2. Background Theories and Context

In this section, our focus is to establish a comprehensive background pertinent to the methodologies used. We delve into various aspects of NLP and explore its diverse applications within the medical sphere. Notably, the integration of NLP and LLMs in healthcare has been significant [18]. These technologies are increasingly employed for a range of purposes, including the extraction of vital data from electronic health records (EHR), supporting decision making in clinical settings, and analyzing patient sentiments through their reviews and feedback [19,20].

2.1. Natural Language Processing

NLP, a pivotal AI sub-field, focuses on the interaction and interpretation of human language by computers. It facilitates various tasks, including translation, sentiment analysis, and conversational interfaces. The evolution of NLP spans from rule-based approaches to sophisticated ML techniques, giving rise to advanced models such as GPT and BERT [12,21,22]. Essential concepts in NLP encompass tokenization, part-of-speech tagging, named entity recognition, and parsing. The overarching aim is the effective comprehension of human language, facilitating the extraction of meaning and simulation of reasoning to accomplish specific tasks. NLP employs an array of techniques and models, ranging from rule-based systems to advanced ML algorithms. Prominent models in NLP include the following.

NLP using pattern matching and substitution: These initial NLP systems depend on manually crafted rules and lexicons. An iconic example is the ELIZA chatbot [23], created in 1964. ELIZA was one of the first programs capable of attempting the Turing test.
ML models: This category encompasses traditional models like naive Bayes, support vector machines (SVM), and decision trees, commonly applied in text classification and sentiment analysis.
Neural networks: Inspired by the human brain, these models include recurrent neural networks (RNNs) and convolutional neural networks (CNNs), suitable for tasks needing an understanding of a language’s sequential nature.
Embedding models: These models produce dense vector representations of words or larger text units, capturing semantic meanings. Notable examples include Word2Vec, GloVe, and FastText [24].
Sequence-to-sequence models: Capable of transforming input sequences into output sequences, these models are integral to machine translation and text summarization, often based on an encoder–decoder architecture with attention mechanisms [25].
Large language models (LLMs): LLMs are designed to perform a wide range of NLP tasks, from translation to question answering and to text generation, without needing task-specific training data. LLMs are further discussed in the following section.
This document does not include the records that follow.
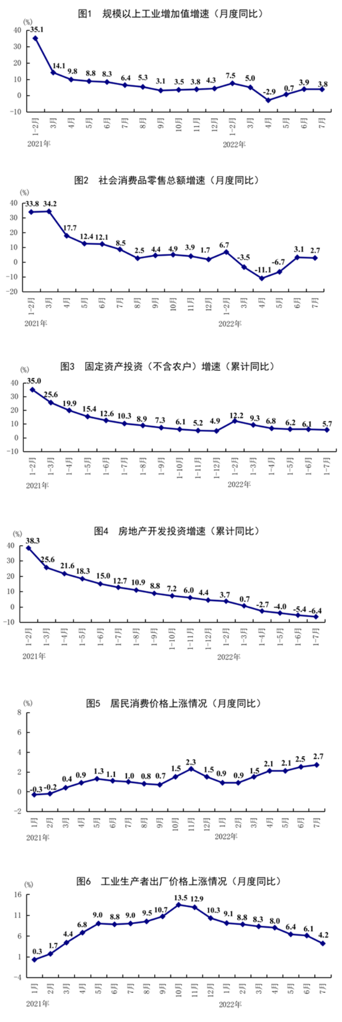 7月份,面对国际环境更趋复杂严峻和国内疫情散发多发的不利局面,在以习近平同志为核心的党中央坚强领导下,各地区各部 门坚持稳中求进工作总基调,认真贯彻落实党中央、国务院决策部署,高效统筹疫情防控和经济社会发展,有力实施稳经济一揽子政策措施,生产供给继续恢复,就业物价总体平稳,对外贸 易增势良好,民生保障有力有效,经济延续恢复态势。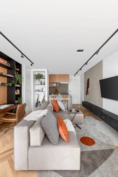 Os principais pedidos do cliente eram que o apartamento fosse um refúgio, onde pudesse descansar, mas que também fosse um local de trabalho remoto. Apaixonado por música, seu hobby é tocar saxofone e o lugar para esse instrumento deveria ser pensado com muito carinho.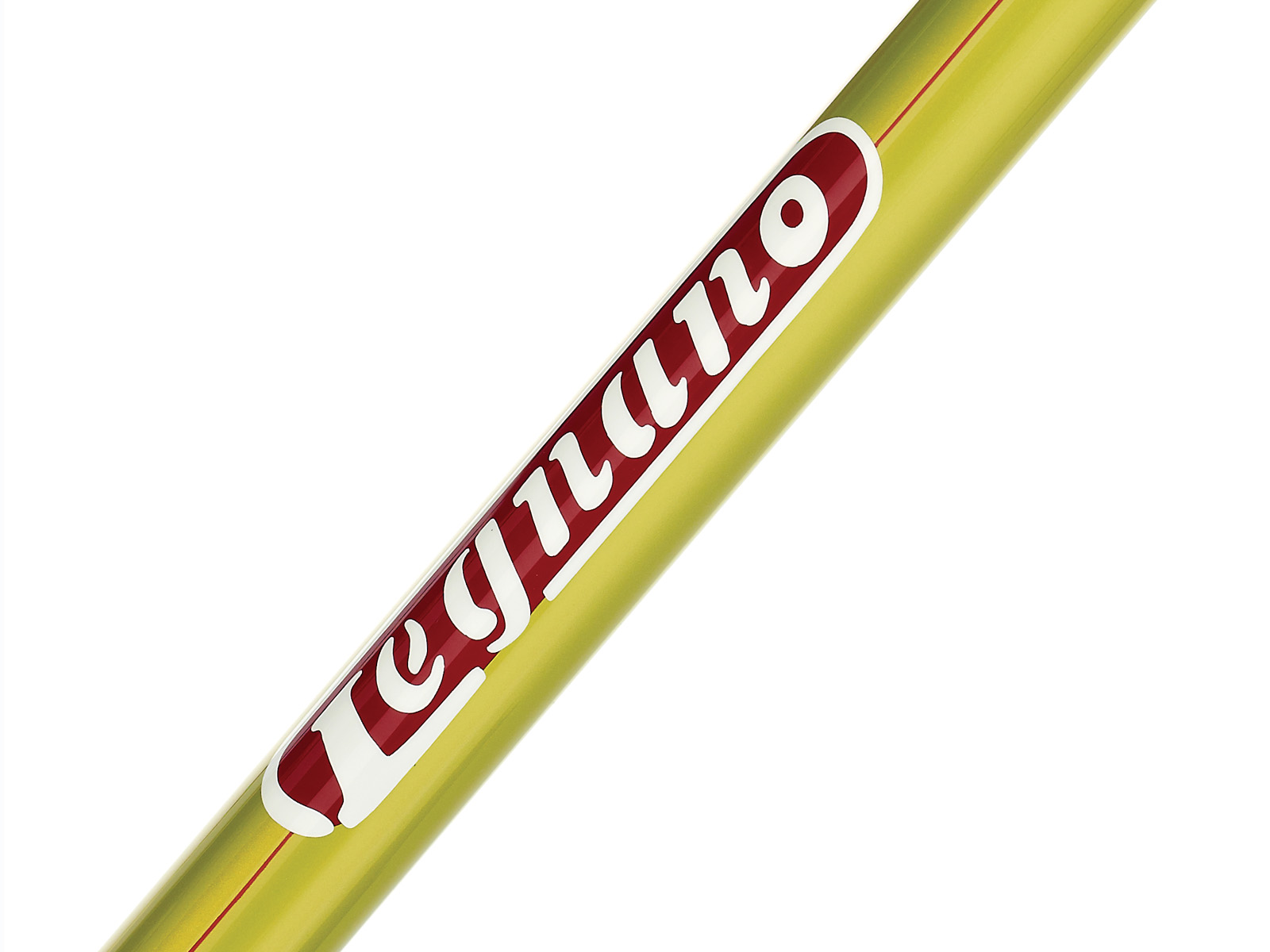 The factory finished Legnano logo on the downtube was not a water slide decal like the others. There have been replacement Legnano decal sheets produced over the years for both amateur and professional restoration however everything that I have seen is “close but no cigar” as they say and typically incorrect in scale, typography or color. In the case of the downtube logo, if you look at any original ‘lizard yellow’ frame you will see that this graphic was ‘stencilled’ and most likely by hand as the paint coverage is typically quite thick and the texture is too uneven to have been sprayed. Spray painting would have also required the balance of the frame to be masked off, a time consuming process and not well suited to factory production.

2.2. Large Language Models (LLMs)

The GPT series, including GPT-3 and GPT-4, comprises autoregressive models known for generating contextually coherent text. GPT decodes the received input, using language pattern understanding, to produce a relevant and coherent output. GPT models are especially powerful for applications like content creation, dialogue generation, and tasks that require the production of new text based on given prompts.

In contrast, BERT operates by analyzing both preceding and succeeding words in a sentence, thereby enriching its understanding of the sentence context. Both models are built upon the Transformer architecture, first introduced in [22], which employs an “attention” mechanism to assign varying significance to different words. Central to these models is an encoder, which converts sequences of words into contextually enriched vector representations. The novel self-attention mechanism in these models allows them to consider the inter-dependencies of words over longer ranges, significantly improving their predictive accuracy. Notably, BERT employs a bidirectional training approach, enabling word prediction based on both the preceding and subsequent context. This is in contrast to GPT’s unidirectional methodology.

Prior to the widespread adoption of neural networks and Transformer models in NLP, statistical models were the mainstay. Key among these were the following.

Markov Models: Based on the principle named after mathematician Andrey Markov, these probabilistic models assume that the probability of each subsequent state depends only on the current state. Their application is particularly notable in sequential tasks like language modeling.
Hidden Markov Models (HMMs): An extension of Markov models, HMMs include hidden states and observable outputs. They find applications in NLP tasks, notably in part-of-speech tagging and named entity recognition.
Conditional Random Fields (CRFs): These are statistical frameworks used in NLP to model the probability of outputs given specific inputs. Unlike HMMs, CRFs take into account the entire sequence of words, thereby yielding more accurate results.
n-gram Models: These models predict the next item in a sequence by considering the previous (n − 1) items. Predicated on the assumption that a word’s probability is dependent solely on its preceding words, n-gram models are prevalent in areas like speech recognition and machine translation.
Latent Dirichlet Allocation (LDA) is a generative statistical model that allows sets of observations to be explained by unobserved groups. In NLP, these groups or topics help us to understand why data parts are similar, positing each document as a topic mixture with each word attributed to a document’s topic.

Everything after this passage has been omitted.